Иоана покраснела, комиссар же был изумлен: впервые начальник лагеря предстал перед ними обыкновенным, спокойным и ровным человеком, словно он и не нес на своих плечах тяжесть пережитой трагедии.
— Скажи мне, Тома Андреевич, — неожиданно перешел Девяткин на другую тему. — Только по правде, открыто, как другу. Что ты думаешь о тех, других?..
Он не называл их ни «пленными», ни «людьми». Черты его лица снова сделались резкими, скулы напряглись, в глазах сверкнул злой огонек.
— Как сказать? — тихо ответил комиссар. — Если говорить в общем, я еще не могу точно определить, что меня сближает с ними и что отталкивает. Само собой разумеется, к разным людям я отношусь по-разному.
— Я тебя понимаю! Я очень хорошо тебя понимаю, — глухо проговорил полковник, медленно отхлебывая кофе. — До того как сюда приехали вы, я пережил некоторую растерянность, что со мной бывает очень редко. Я смотрел на колючую проволоку и не мог отделаться от мысли, что кто-то из них, неизвестно кто, лишил меня руки, другие убили мою жену и дочь. Я чувствовал себя в этой должности наказанным и обиженным и готов был просить перевести меня куда угодно, в другое место, хоть к черту в преисподнюю… Считаете, что я не прав?
— Прав, — быстро подтвердила Иоана. — И мне было не по себе, когда я узнала, где придется работать во время войны.
— Ты, по крайней мере, следовала за своим мужем, Ивана Петровна, тогда как я привез с собой сюда только одни фотографии.
Девяткин сидел, нагнувшись вперед, держа пустую чашку в руке. Красные отблески огня освещали его суровое лицо. Некоторое время было тихо. Остальные двое смущенно молчали, уважая чувства, которые сейчас владели начальником лагеря.
Но полковник быстро пришел в себя, поставил чашку, резко расстегнул воротник кителя и поднялся.

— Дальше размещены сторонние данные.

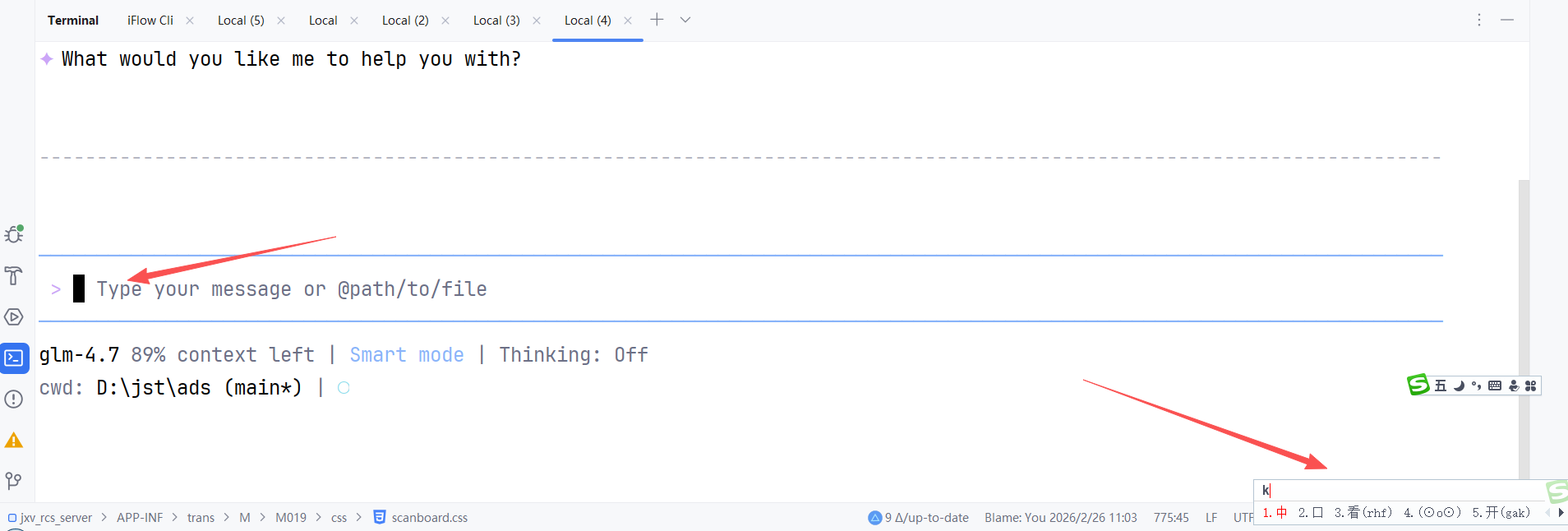 IDEA集成的windows终端中使用iflow,中文提示词不能随着光标处出现,始终固定在右下角。这样打字非常不方便

— Я хотел сказать, что мы обязаны перебороть себя! — проговорил он, окинув взглядом собеседников. — Каждый должен перебороть себя и забыть. Я — воспоминания о том, что было под Одессой, ты — свое прошлое в Румынии, Ивана Петровна — то, что ей приходится проводить свои молодые годы в таких грустных обстоятельствах. Как раз когда тебе кажется, что ненависть — единственно правильная реакция, в тебе пробуждается дух старого большевика и требует от тебя человечности. Напоминает тебе, что ты не имеешь права смешивать червя в яблоке с самим яблоком. Одно дело Гитлер с его сворой политиканов, и другое дело — миллионы людей, брошенных в пекло войны. Не гуманизм к врагу, а гуманизм к его жертвам — вот что нужно.
Он положил руку на плечо Иоаны и со смехом сказал:
— Я очень сожалею, Ивана Петровна, но подобный переворот в сознании нужно немедленно отметить по русскому обычаю настоящей русской водкой. Забудь на время, что ты наш лечащий врач, и разреши пропустить хотя бы по одной рюмочке…

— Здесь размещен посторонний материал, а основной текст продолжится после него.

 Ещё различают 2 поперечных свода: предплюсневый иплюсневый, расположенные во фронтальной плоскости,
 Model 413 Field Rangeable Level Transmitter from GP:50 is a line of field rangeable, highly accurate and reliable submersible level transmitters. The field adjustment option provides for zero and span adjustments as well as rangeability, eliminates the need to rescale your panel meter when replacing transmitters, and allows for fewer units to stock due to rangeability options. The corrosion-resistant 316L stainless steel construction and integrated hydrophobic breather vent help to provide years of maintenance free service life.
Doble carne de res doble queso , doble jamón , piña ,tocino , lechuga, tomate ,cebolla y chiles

— Разрешаю, товарищ начальник!
— За человечность, Ивана Петровна! Понимаешь?
— За человечность, Федор Павлович!
— Тогда — слава медицине!
Он пошарил в плетеной корзине и извлек оттуда бутылку водки, ворчливо встретил отказ Иоаны, но не настаивал и налил светлой жидкости в две крышки из-под бидона.

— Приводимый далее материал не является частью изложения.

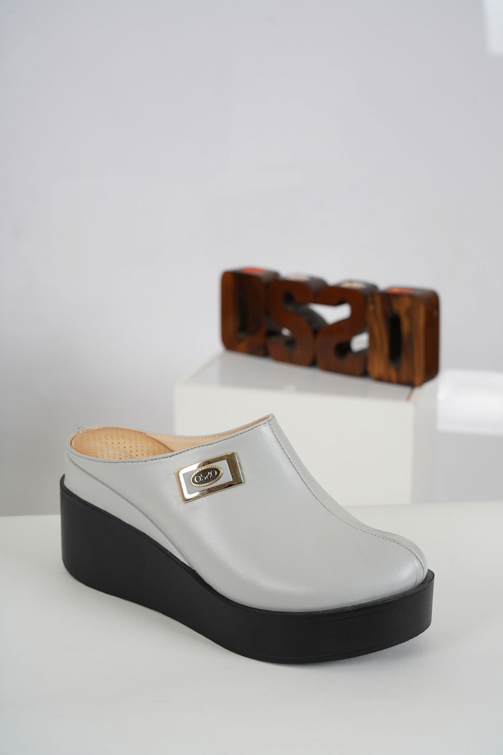 Hakiki Deri Gri Kadın Dolgu Topuklu Sabo 231229701

— В конце концов должны же мы поздравить друг друга с наступившим Новым годом! — уже весело произнес Девяткин. — За Советский Союз, друзья! За то, чтобы все ваши мечты сбылись, Тома Андреевич! От всей души желаю тебе как можно скорее вернуться в Румынию! А тебе, Ивана Петровна, стать знаменитым доктором в Бухаресте!